Since she works most of the week, and we only get to see each other on days-off, that meant I had three to spend three days without portable music, and no wi-fi connection at my fingertips. 😦

2) I finished reading Digital Disciple by Adam Thomas. In this short book, the author explores both the pros and cons of living in a world permeated by social networking, online gaming and Google searches that take mere fractions of a second.

He writes with a central question in mind: What does all this Tech (and its consequences) have for followers of Jesus Christ?

With these two events coinciding, I was forced to reflect on my own use of technology…..and more especially the power my Ipod gives me to ignore the world around me.

For those of you who don’t know…..I work part-time as a street pastor for one of the churches here in London. Basically, this job involves entering into pastoral relationships with people who find themselves homeless or (as is more often the case) those who are making a very limited income.

The government pensions that they are given are high enough that they can afford to live somewhere, but there is no guarantee that a) the living conditions they can afford are healthy for their well-being or that b) there is enough disposable income left to afford basic needs like food and clothing.

Normally, I go out for about 2-3 hours on any given day and scoot around the downtown area and the East End….listening to the lives and witness of these folks. If the situation calls for it, it is also my job to direct them towards services that they inquire about, or might be able to make use of.

What struck me over this past week….is that the Ipod allows me to dictate when I will listen and when I won’t. Having my ginormous headphones on signifies to most folks that my ability to listen is gone….or at the very least, occupied in another activity. It allows me to close my ears to the cry of the poor….and I openly wonder if that’s a good thing.

In the days of the Walkman and CD player, my ability to block out the world only lasted for as long as the AAA batteries kept running. After those two or three hours, I was forced to either go to the dollar store and get some more, or put the Walkman away and resume my “normal” life of interacting with people 1:1

Now….. with batteries and smart-phones that last the whole day, the option to engage with the world, or to drown it out becomes a conscious choice.

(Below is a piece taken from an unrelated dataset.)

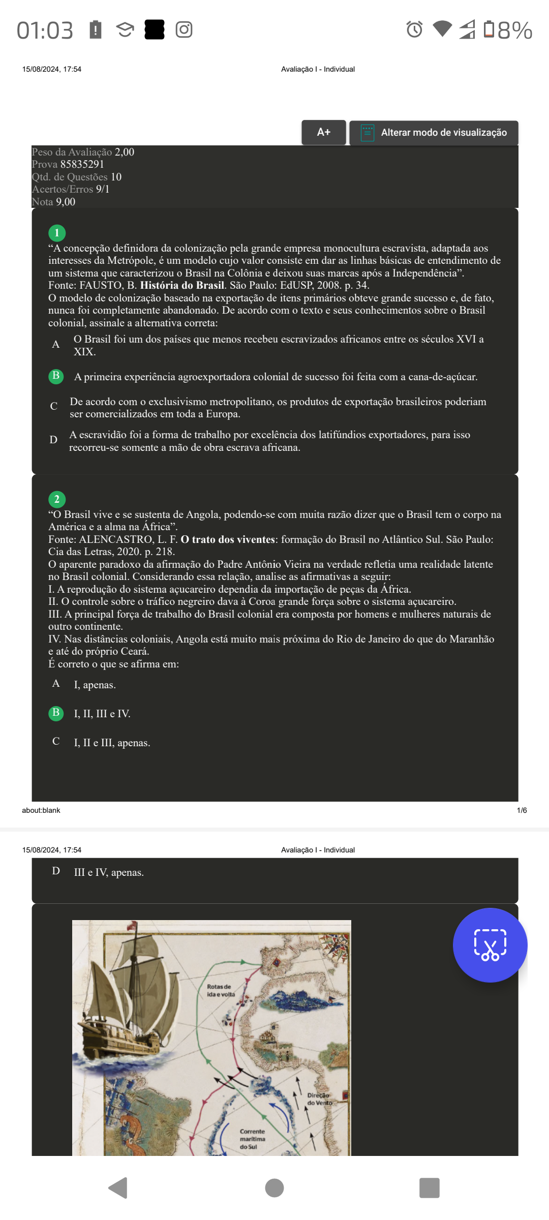 01:03 ! 08% 17:54 Avaliação Individual A+ Alterar modo de visualização Peso da Avaliação 2,00 Prova 85835291 Otd. de Questões 10 Acertos/Erros 9/1 Nota 1 A concepção definidora da colonização pela grande empresa monocultura escravista, adaptada aos interesses da é um modelo cujo valor consiste em dar as linhas básicas de entendimento de um sistema que caracterizou Brasil na Colônia e deixou suas marcas após a Independência". Fonte: FAUSTO, B. História do Brasil. São Paulo: EdUSP. 2008. p. 34. O modelo de colonização baseado na exportação de itens primários obteve grande sucesso de fato, nunca foi completamente De acordo com texto e seus conhecimentos sobre Brasil colonial, assinale a alternativa correta: A O Brasil foi um dos países que menos recebeu escravizados africanos entre os séculos XVI a XIX. B A primeira experiência agroexportadora colonial de sucesso foi feita com a C De acordo com exclusivismo metropolitano, os produtos de exportação brasileiros poderiam ser comercializados em toda a Europa. D A escravidão foi a forma de trabalho por excelência dos latifúndios exportadores, para isso recorreu-se somente a mão de obra escrava africana 2 "O Brasil vive e se sustenta de Angola, podendo-se com muita razão dizer que Brasil tem o corpo na América e a alma na Fonte: ALENCASTRO, L. trato dos viventes: formação do Brasil no Atlântico Sul. São Paulo: Cia das Letras, 2020. p. 218. O aparente paradoxo da afirmação do Padre Antônio Vieira na verdade refletia uma realidade latente no Brasil colonial. Considerando essa relação, analise as afirmativas a seguir: I. A reprodução do sistema açucareiro dependia da importação de peças da África. II. O controle sobre tráfico negreiro dava à Coroa grande força sobre o sistema III. A principal força de trabalho do Brasil colonial era composta por homens e mulheres naturais de outro continente. IV. Nas distâncias coloniais, Angola está muito mais próxima do Rio de Janeiro do que do Maranhão e até do próprio correto que se afirma em: A I. apenas. B II. III e IV. C II e III. apenas. about:blank 1/6 15/08/2024, 17:54 Avaliação Individual D III e apenas. Rotas de ida volta do Vento Corrente maritima Sul

In the three days that I had without music, I found myself surrounded by snippets of conversation. Instead of my favourite tracks by DMB, my ears were filled with the loud drilling and hammering of the construction crews. Instead of contemplating the Gospel through a podcast, I found myself open to more encounters with those on the sidewalk.

I have no real end-point or conclusion to this post/reflection……but I thought it was important to throw it out there as both an observation for myself and–potentially–a chance for us collectively to think about: what distracts us from being disciples??? …..Leave a comment on this post with some of your thoughts. As always, I look forward to some discussion. +

Evening Prayer: Saturday in Easter (Combo Post)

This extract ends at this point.